Приемная комиссия в те самые «лихие девяностые» была не то чтобы коррумпирована, но вынуждена она была делать то, что ей приказывало начальство. А тому начальству – еще более высокое начальство. И так далее. Все точно по Николаю Васильевичу Гоголю. Ничего с тех пор в России не изменилось. И думаю, не изменится никогда.
И нисколько меня это не печалит. Потому что есть о чем писать.
И лет через двести-триста такой же бумагомарака «душа Тряпичкин», как я, настрочит аналогичную историю, и все в ней будет так же «пикантно».
«Короче», как принято начинать сейчас долгую нудную историю.
В приемную комиссию перед письменным экзаменом (сочинение) по русскому языку и литературе пришла сверху, из ректората, «разнорядка». Два списка. Один список – тех, кто должен поступить, а значит получить на экзамене «хорошо». Другой – тех, кто не должен поступить, а следовательно – получить на экзамене «удовлетворительно».
Ну, получили – исполнили.
Вообще все эти манипуляции с экзаменами – целая «Илиада» с «Одиссеей». Вспоминаю – уши мерзнут… Сейчас, конечно, с ЕГЭ всё насчет коррупции еще круче. Но не будем о грустном…
Делалось все очень, «до святости», как говорится, просто. «Блатной» абитуриент после экзамена должен был запомнить первую и последнюю фразы из своего сочинения и написать их на бумажку. Причем той ручкой, которой писался сам текст сочинения. Затем эту бумажку вместе с ручкой клали в конверт и где-нибудь в общественном сортире или за газетным ларьком дрожащей ладошкой передавали кому надо. Главное было передать быстро, потому что через час-два после окончания экзамена сочинения «зашифровывались».
Дальше – так: главный экзаменатор после «зашифровывания» брал все эти несколько сотен «зашифрованных», «анонимных» (ха-ха!) сочинений и запирал в сейф. Ключ брал с собой. Полная секретность. Никакой коррупции!
На следующий день рано утром старший экзаменатор отпирал сейф и выкладывал с одной стороны – кучу сочинений, с другой – кучу конвертов с ручками и цитатами.
Дальше – вы понимаете. Из всей этой кучи отбирались нужные блатные тексты. По первой и последней фразе. Таким образом на столе старшего экзаменатора образовывались две новые кучи, уже без конвертов и ручек: одна поменьше – это те, которые получат «хорошо», и другая побольше – это те, которые получают «удовлетворительно». Или «плохо».
«Пять» ставить не рекомендовалось, потому что пятерки и двойки перепроверялись другой комиссией. А «хорошо» - вне подозрений.
Надо ради справедливости сказать, что в других вузах, где был больше набор, вторая куча была «честной» кучей. То есть там абитуриентам ставили то, что они действительно заслуживали. «Хорошо» так «хорошо». «Плохо» так «плохо». Можно и «отлично». То есть в большой куче шла честная конкуренция. А куча поменьше была, так сказать, вне конкуренции.

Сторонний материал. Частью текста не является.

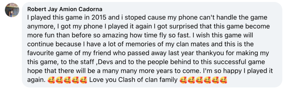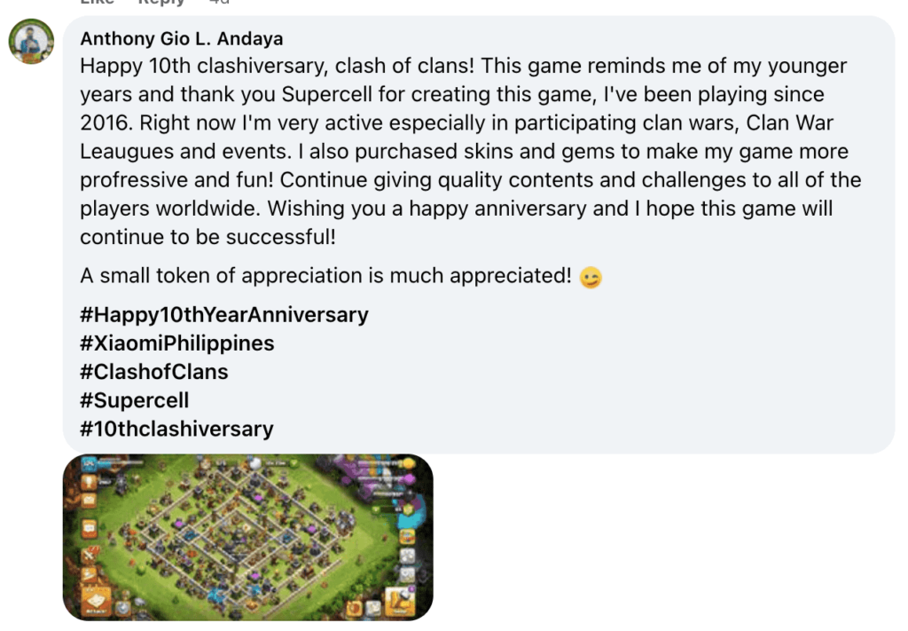 The mobile game’s success with enduring popularity across the world cannot be separated from the players’ love and companionship. During the Clash of Clans’ 10th-anniversary celebration, the game along with Xiaomi Philippines collected players’ wishes on Facebook, recalling many players’ memories of Clash of Clans. Plenty of players have been playing the game for five or six years, even ten years. It is players’ love and companionship that support Clash of Clans to move forward.

Но в вузе, о котором я говорю, бюджетных мест было мало, и большая куча была обречена на «удовлетворительно». Или на «плохо». Большую кучу радостно «топили». Согласно «разнорядке» из ректората.
В малой куче попадались такие сочинения, которые не то что на «хорошо», там на «минус сорок» не тянули. Но – что делать?.. Ошибки заботливо исправлялись соответствующей ручкой: исправления и помарки не являлись поводом к снижению оценки. По содержанию сочинения могли быть полной белибердой. А кто будет эту якобы четверочную белиберду перепроверять-переправлять? Никто.
В рецензии, которая писалась в конце каждого сочинения, экзаменатор, например, формулировал так: «Тема в целом раскрыта верно». Или: «Тема раскрыта достаточно полно». А что такое «верно» и что такое «достаточно полно»?.. Пёс его знает. Вернее, не пёс, а старший экзаменатор.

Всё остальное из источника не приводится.